Now, I’m in a similar situation. I have volunteered (no pay involved) my time and energy to help a small business grow. I’ve listened carefully to what the manager says he wants to happen for this company. Seven months in and I’ve begun to feel that same feeling that I had at my last paying job. I’ve invested a lot of time there, and I’ve come up with scads of ideas to help growth. My ideas are exactly in line with what the manager wants. The problem is, I can only come up with the ideas – I have no power to actually execute them. And what I hear when I present an idea is, “Oh, that’s a great idea!”, but there is minimal, if any, follow through!

The manager is paid according to the sales that are made, so I understand that paychecks will vary. I’ve made quite a few purchases from this business, intent solely on increasing the manager’s earnings and growing the business. I’ve even spent my own money buying little gifts for some of the regular customers as a way to thank them for the continued business.

On the plus side, the business is growing. Some weeks, it’s awesome, some not so much. And I’m happy to see that happening!
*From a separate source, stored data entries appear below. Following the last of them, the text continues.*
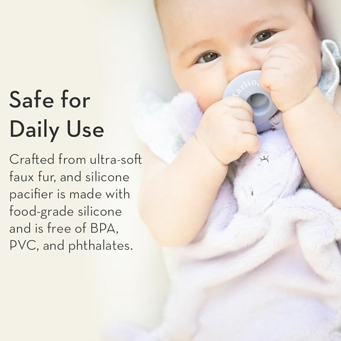 - SAFETY TESTED: Our lovey is made from ultra-soft polyester faux fur and the 100% food-grade silicone pacifier is BPA-free; the Bubbi Buddy is CPSIA compliant, the highest standard of safety testing for children’s products in the US
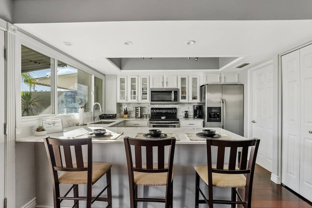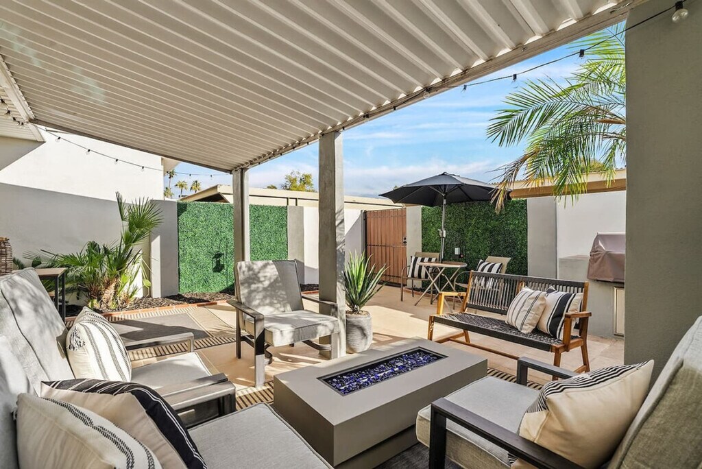 Nestled beside the serene green belt and Chaparral Park, this extraordinary gem commands an unparalleled location. Merely moments from the 101, Old Town Scottsdale, and Fashion Square Mall, this welcoming 3-bedroom, 2.5-bathroom townhome beckons you. As you cross the threshold, you'll encounter refreshed flooring spanning the entire space, a contemporary kitchen graced with stainless steel appliances, and a seamless transition from the tranquil patio to the open concept dining area. Upon stepping into the property, you'll immediately sense the meticulous consideration given to your comfort and overall experience. The tranquil patio is the ideal retreat following a day of hiking or shopping. Recharge and unwind beside the inviting fire pit. Transitioning into the dining room, the seamless open floor plan connecting the kitchen and living room becomes immediately apparent. The well-designed space invites you and your guests to indulge in board games at the dining table or enjoy dining at the breakfast bar. Venturing upstairs, a haven of bedrooms awaits, promising a peaceful night's sleep. The master suite boasts not only a generously sized walk-in shower but also a spacious closet, ensuring both luxury and functionality. Guests will have full access to the entire property. There is a $100 per day charge to heat the pool. This property is centrally located in Scottsdale and super close to the most popular park in Scottsdale, Chaparral Park, which features huge walking paths, a dog park, playgrounds, and more. Uber, Lyft, Waymo, and Turo are all available in this area. There are 2 covered parking spots available at the condo. Fire pit is run by propane and needs to be turned off after every use. Both the City of Scottsdale and the HOA Community are very sensitive to disruptions from vacation homes, so do not make the rental an issue. All guests wanting to book need to be 21+ unless otherwise approved by the host. No additional guests other than the ones staying are allowed without prior arrangement; violating this will incur a $200 charge per person per day. Any excessive cleaning required is $50 per hour. Tampering with security equipment is grounds for immediate cancellation of the booking. No animals are allowed; bringing an animal after violating the house rules will result in being asked to leave the premises without a refund and a possible fine up to $300. No smoking, vaping, or drug use is allowed; violating this zero-tolerance policy will result in a $500 fine and an additional $25 charge for every piece of evidence of smoking or drug use. No parties or events are allowed; having a party will result in being asked to leave without a refund. If there are any noise complaints or the police are called, you could be asked to leave with no refund. Late checkouts can be arranged (when available) for an additional $100 fee and must be requested 24-48 hours in advance. A $150 charge will apply to guests still on the property after check-out time to respect proper cleaning time for the arrival of next guests. Anyone still in the house two hours after checkout will then pay that day's base rate. If a refund to another guest is required due to overstaying, reimbursement for any refunds given will be required. No crypto mining on premises; if found, you will be asked to leave with no refund. Be respectful of the neighbors, as this is a family-friendly neighborhood. Registration Number: 2028640
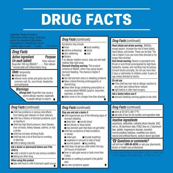 Nothing fights fever faster or longer(1) than Advil Junior Strength pain reliever and fever reducer. In just one dose, these kids ibuprofen chewables reduce fever and relieve minor aches and pains due to the common cold, headache or teething. Formulated for children ages 2 to 11 years, each junior strength Advil tablet contains ibuprofen 100mg, a pain medication that also controls fever. Just one dose of this children's ibuprofen pain relief medicine lasts up to eight hours, meaning few doses for your child throughout the day. Advil chewable kids pain medicine tablets are portable and easy for kids to take, no dosing cup or water needed. The medicine in this childrens ibuprofen chewable is the #1 pediatrician-recommended active ingredient in a fever reducer/pain reliever. Conquer the back to school season with Advil, your ultimate ally against the common cold! (1) Among non-prescription analgesics

But I’m at that same point where I feel like I’m doing so much more work, spending much more time, and spending my own money without feeling like I’m achieving enough to be truly appreciated. I mean, I get a pat on the back now and then. But if I make even the smallest mistake, I’m also taken aside and criticized in an rather abrupt way. In seven months, I’ve made two mistakes, and understanding afterwards, was eager to apologize and learn from them. What bothers me most is that things go on like before, and the ‘expectations’ of what I will do for the company never change, but I never get told that my apology is accepted.

My own stubbornness keeps me plodding along. But it has raised the question with which I titled this post: do I have “too much work ethic?” I don’t want to give up. I love sharing my “out-of-the-box” ideas and I do find joy in seeing the business growing. I just question whether that joy is enough?